В своей книге «Нос Рембрандта» Майкл Тейлор удивительно пристально прослеживает эволюцию творчества великого голландца через изображение им носов и других частей человеческого лица. Известно, как Рембрандт любил смотреться на себя в зеркало и зарисовывать увиденное. Майкл Тейлор с похожим вниманием подошел к наблюдению за лицом художника и его героев. В преддверии выхода в свет русского перевода книги мы публикуем одну из ее глав, в которой этот взгляд кажется особенно пронизывающим.       

Пристально вглядываясь в работу голландского мастера, автор пытается понять, что делает представленных на этих картинах и графических листах людей такими живыми
Нос Рембрандта
Майкл Тейлор
Купить

Майкл Тейлор

alt
Американский поэт, эссеист и переводчик

За несколькими примечательными исключениями сорок или более портретов, которые награвировал Рембрандт в первое десятилетие своего творчества (причем чуть больше, чем половина из них — автопортреты), похожи на технические упражнения: их предназначение — расширить спектр выражений лица и усилить эмоциональность образа. Некоторые из них — просто наброски, выполненные несколькими быстрыми штрихами, другие — своего рода эксперименты, а третьи — воплощения неудержимой энергии, с которой Рембрандт в свои последние лейденские годы овладевал новой для себя техникой. Глядя на них, поражаешься всё возрастающему мастерству, с каким переданы почти осязаемые волосы, уютно лежащие в тени и словно оживающие, когда на них падает свет (извилистые линии резца напоминают о Матиссе). В то же время впечатляют свобода и разнообразие, с которыми Рембрандт изображает физические черты и мимику, в частности — свои собственные: лоб то покрывается тревожными горизонтальными морщинами, то хмурится, собираясь в вертикальные складки; глаза сужаются в почти непроницаемые щелочки, выглядывают, как мыши, из-под набрякших век, широко распахиваются от ужаса, затуманиваются в минуты раздумий или холодно и вопросительно смотрят на мир. Они то суровые, то нежные, то мертвенно застывшие, то искрящиеся умом, то глумливые, то печальные. Это могут быть чьи угодно глаза, как и рот, тонкогубый и плотно сжатый на одном листе, толстогубый и приоткрытый — на другом; недовольно надутый — на третьем, сардонически улыбающийся — на четвертом, по-детски беспомощный и трогательный — на пятой; это рот не одного Рембрандта, а человека вообще.

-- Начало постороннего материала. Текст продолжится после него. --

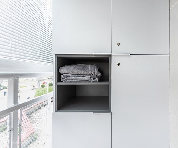 Встроенный на балкон белый жалюзийный шкаф «Модель 963»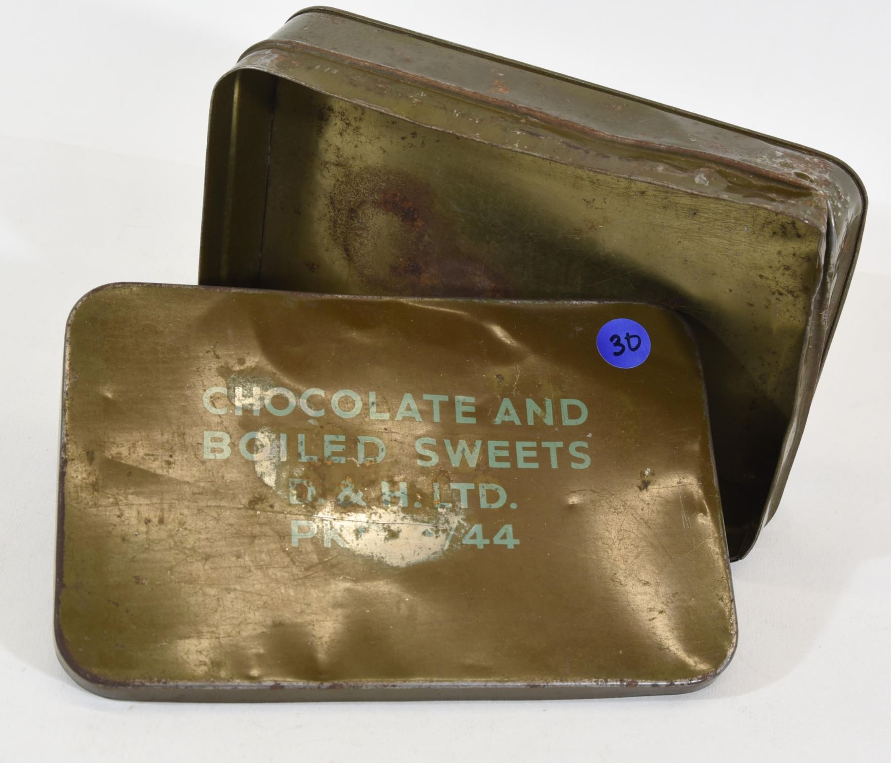Dated 1944. Had chocolate and boiled sweets. D. & H. Ltd. Pkd /44 on the lid.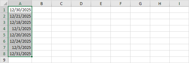 Explanation: always write the formula for the upper-left cell in the selected range. Excel copies the formula to the other cells. Use the formula =OR(WEEKDAY(A1)=1,WEEKDAY(A1)=7) to highlight weekend dates.

А нос? Он — будто пластилиновый, такой податливый, что тоже может сгодиться для любого лица. Универсальный — вроде латекса, из которого голливудский гример может сделать что угодно: рыло чудовища или невинный носик Мадонны. Но Рембрандта, конечно, интересует не просто выразительность, хотя в его рычащем «Автопортрете с открытым ртом» (илл. 10) или в искаженном гримасой отвращения лице с «Восьмиугольного автопортрета» (илл. 12) есть мощный эмоциональный заряд. Для него важно начертание: как передать форму носа в технике, где всё — линия, где текстуры, цвета и объемы можно лишь, скажем так, вышить офортной иглой.

10

12

Проблема усугубляется трудностью изображения носа анфас или чуть под углом, каким он должен быть на автопортрете, если художник рисует его, глядя в зеркало. Сравните ранние автопортреты с изображениями бродяг, которые Рембрандт гравировал в тот же период, вполне возможно — с натуры, но явно под влиянием офортов с нищими, опубликованных в 1522 году художником из Лотарингии Жаком Калло. На большинстве этих рембрандтовых работ фигура оборванца, зачастую — калеки, показана в профиль или в три четверти. (Примечательным исключением служит «Автопортрет в образе нищего» (илл. 7), изображающий лохматого молодого увальня, который, примостившись на кочке, то ли канючит, то ли выкрикивает непристойности — эта гравюра явно относится к жанру «типажей», но по странной психологической причуде Рембрандт наделил нищего своими чертами.)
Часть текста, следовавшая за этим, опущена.